石屋之内,昏黄的油灯火苗,被这句轻飘飘的话,惊得猛地一跳。
让你姐姐,准备出嫁。
时间,仿佛在这一刻凝固了。
空气中那股陈旧的草药与尘土味,似乎也变得粘稠而沉重,压得人喘不过气。
“你……你说什么?”
最先打破死寂的,是洛璃。
女孩的脸上,血色在一瞬间褪得干干净净,那双刚刚还因为希望而亮起的眸子,此刻写满了无法理解的惊骇与背叛。她死死盯着凌云溪,声音都在发颤。
她以为自己听错了。
她宁愿自己是听错了。
她冒死出城,九死一生,请回来的这位前辈,这位看穿了部落万年阵法隐秘、一拳能轰杀血翼魔狼的强者,在听完了天神族所有的暴行之后,给出的第一个“计策”,竟然是……让她那本就性命垂危的姐姐,去送死?
“前辈!”独臂的洛勇“霍”地一下从石凳上站起,身下的石凳因为他过猛的动作,在地面上划出刺耳的声响。他仅剩的那只手,死死攥着,手臂上青筋暴起,眼神里刚刚褪去的敌意,此刻混合着愤怒与失望,再次燃起。

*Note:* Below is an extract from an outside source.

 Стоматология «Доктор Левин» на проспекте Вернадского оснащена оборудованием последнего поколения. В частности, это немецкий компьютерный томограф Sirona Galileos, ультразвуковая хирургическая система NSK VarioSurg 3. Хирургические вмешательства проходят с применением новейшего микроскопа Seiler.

“我们洛神部落的人,可以站着死,绝不会跪着生!更不会用女人的牺牲,去换取苟延残喘!”
他的声音,在压抑的石屋里回荡,掷地有声。
大长老洛山没有说话,他只是坐在那里,枯槁的身躯不住地颤抖。他那双浑浊的老眼,死死盯着凌云溪,嘴唇翕动着,却一个字也说不出来。巨大的失望,像一只冰冷的手,攥住了他的心脏。
疯子。
他原以为她是个疯子,一个敢于挑战巨山的疯子。
现在看来,她只是个骗子。一个用虚无的希望,将他们最后的尊严都骗走,再亲手将其踩碎的……骗子。
整个石屋的气氛,降到了冰点。
面对这几乎要将人吞噬的愤怒与绝望,凌云溪的表情,没有任何变化。
她甚至没有看站起来的洛勇,只是端起桌上一杯不知放了多久的凉水,轻轻抿了一口。那水带着一股土腥味,她却喝得像是琼浆玉液。

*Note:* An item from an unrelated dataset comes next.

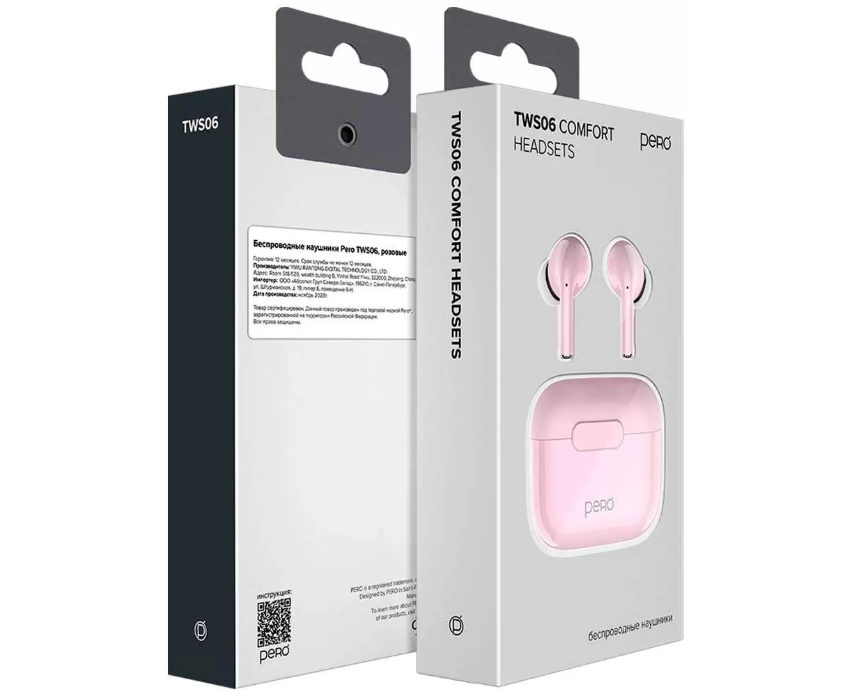 Наушники беспроводные PERO TWS06 Comfort (PTWS06CP) Pink

直到所有人的情绪,都绷紧到了极致,她才缓缓放下水杯,杯底与粗糙的石桌碰撞,发出一声清脆的轻响。
“谁说,是去牺牲了?”
她的声音很淡,淡得像窗外吹过的晚风,却清晰地钻进每个人的耳朵里。
石屋里,猛地一静。
洛璃怔住了。
洛勇攥紧的拳头,也微微一松。
洛山浑浊的眼睛里,闪过一丝茫然。
凌云溪的目光,终于从水杯上移开,落在了洛璃那张煞白的小脸上。
“一场盛大的婚礼,是最好的舞台。而一场所有人都以为是喜剧的婚礼,最适合上演一出……悲剧。”
她的话,说得云里雾里,却让屋子里那股凝固的杀气,悄然散去了一些。
洛山毕竟是活了上千年的老人,他最先从那句话里,品出了一丝不同寻常的意味。他艰难地抬起头,声音嘶哑地问:“前辈……您的意思是……”

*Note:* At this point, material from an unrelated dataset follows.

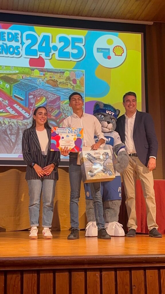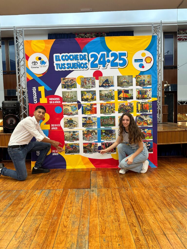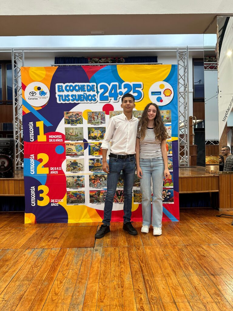 Los alumnos Emma y Adrián reciben el Primer y Segundo Premio del Concurso Toyota “El Coche de tus Sueños” Agradecidos @toyotacanarias Agradecidos por promover este maravilloso concurso y Felicidades a Mariquita y Tontón de «Contando Ando» por una actuación en la que pequeños y no tan pequeños no paramos de reír.

“洛天霸的儿子,那个叫洛凡的,”凌云溪的视线转向地图上代表天神峰的位置,语气里带着一丝若有若无的嘲弄,“一个被宠坏的废物,生性好色,自大狂妄。这样的人,最好对付。”
“你们洛神部落突然服软,同意嫁女,在他看来,是什么?”
她没有等别人回答,便自顾自地说了下去。
“是你们被他父亲的威势,彻底吓破了胆。是你们的公主,被他‘不凡’的魅力所折服。他会觉得,这是理所当然的。他的虚荣心会得到极大的满足,他的警惕心,会降到最低。”